Music » Music Lead

Rosavelt's New Deal

A reunited band returns with a terrific album



How often can you say that a band's reunion album is better than anything it released the first time around? Most of the time, those comeback LPs turn out to be ego-stroking rehashes of what the band did so well the first time — think about the Stooges or Dinosaur Jr. or even Steely Dan. Nothing awful, but nothing close to Raw Power either.

Earlier this week, Rosavelt released their first album in eight years, and in a shocking reversal of how these things usually turn out, The Last 10 Days is the Cleveland band's most tuneful, best-sounding, and all-around greatest album. Ever.

"We've always talked about doing another album," says Chris Allen, who co-wrote 10 Days' 11 songs with Kevin Grasha, the band's other singer and guitarist. "We gave ourselves six months to write and record the songs, and we had a blast. It was just like making the first couple of Rosavelt records. We were back in the garage until four in the morning." (The Del Fuegos' Warren Zanes and local bluesman Austin "Walkin' Cane" Charanghat also get co-writing credit on a couple of songs.)

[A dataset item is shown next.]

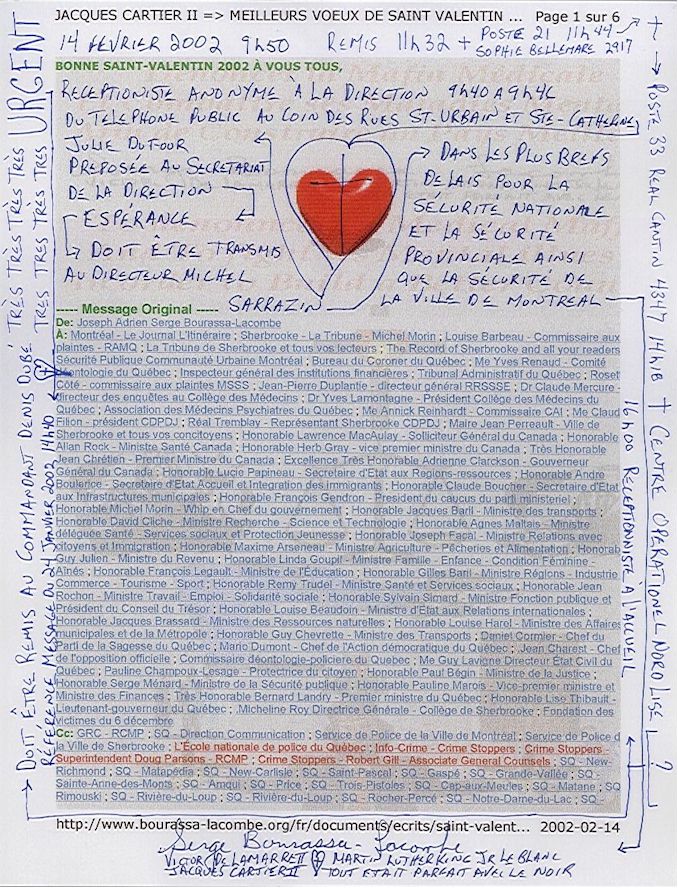 ----- Original Message ----- Subject: JACQUES CARTIER II =» INVITE YOU TO CLICK ON THIS ANIMATED HEART AND WISH YOU IN 2002 A LOVE HOPE ALL YEAR AROUND AND TAKE THE OPPORTUNITY TO UPDATE YOU! Who conscientiously will read this letter from the beginning to the end including everything as recent documents which are very important for the national security of our country. As all those one who had written the dictation which I had transmitted by telephone to them on January 14th - 15th - 16th, 2002. It's a historic dictation because it was the first time that I passed a message by this way hoping to convince people in a Repentance to counter the perverse effects of this REBELLION SPIRIT which exists towards the FOUNDATION SERGE BOURASSA-LACOMBE since the beginning of its creation! «Words will always fly away, but writings will always stay» As well as: «Any truth isn't good to say, as any truth is good to read» «THE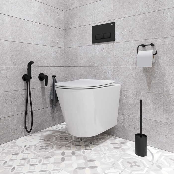Cмеситель с гигиеническим душем Ray на 2 отверстия в трендовом черном цвете имеет универсальный дизайн и подойдет для различных вариантов интерьерных решений. Тонкий баланс плавных линий и строгой формы изделия позволяет придать ему удивительно гармоничный и завершенный облик. Смеситель скрытого монтажа Ray будет занимать минимум пространства туалетной или ванной комнаты, деликатно служа для решения важных гигиенических задач. В комплекте лейка и душевой шланг из ПВХ (1,2 м).

Not too long after they released their third album, 2004's The Story of Gasoline, Rosavelt called it quits. They'd had a good run of eight years, perfecting their rugged and twangy roots rock along the way, inspired by the '70s, '80s, and '90s music they grew up and got drunk on — from the Stones to the Replacements to Wilco.

Allen released three solo albums after the split (he also plays in about 67 bands around town); Grasha moved to Lansing, Michigan, where he's now a reporter for a daily newspaper (he's also released solo records as the Amprays).

Over the past couple of years, Allen and Grasha got together with bassist Tom Prebish for a few reunion shows. Dave McKean, who plays with Allen in the Pogues cover band the Boys From the County Hell, joined them on drums. It wasn't long before they started talking about a new album.

Last year, the band headed to the North Carolina studio owned by Mitch Easter, the former Let's Active frontman who produced R.E.M.'s first two albums. They brought along Don Dixon, who worked on those R.E.M. albums with Easter back in the day, to produce. (Dixon — who lives outside of Canton with his wife, singer-songwriter Marti Jones — also produced The Story of Gasoline and Allen's solo albums. He'll join Rosavelt onstage at their House of Blues show this weekend.)

"We put ourselves in the mode of back in the day," recalls Allen. "Lyrically, a lot of that stuff suggests who we were when we parted ways. But it seemed like there was some pressure putting on the old Rosavelt moniker. You start to wonder Is this good or complete shit?"

From the opening "Are You Listening," which sounds like Wilco back when they actually wrote songs instead of mood pieces, to the highway rocker "Come Find Me There," The Last 10 Days packs a lot of sounds into its 36 minutes. With the exception of a couple of leftovers from older sessions, Allen says everything was written specifically for the new album.

And from the sound of things, this reunion could turn out to be a full-time gig again. "I'm not going to lie — it was an extremely expensive record," says Allen. "But we decided we're going to start another record next January, unless we completely lose our ass on this.

"But then again, it's not like that's gonna stop us."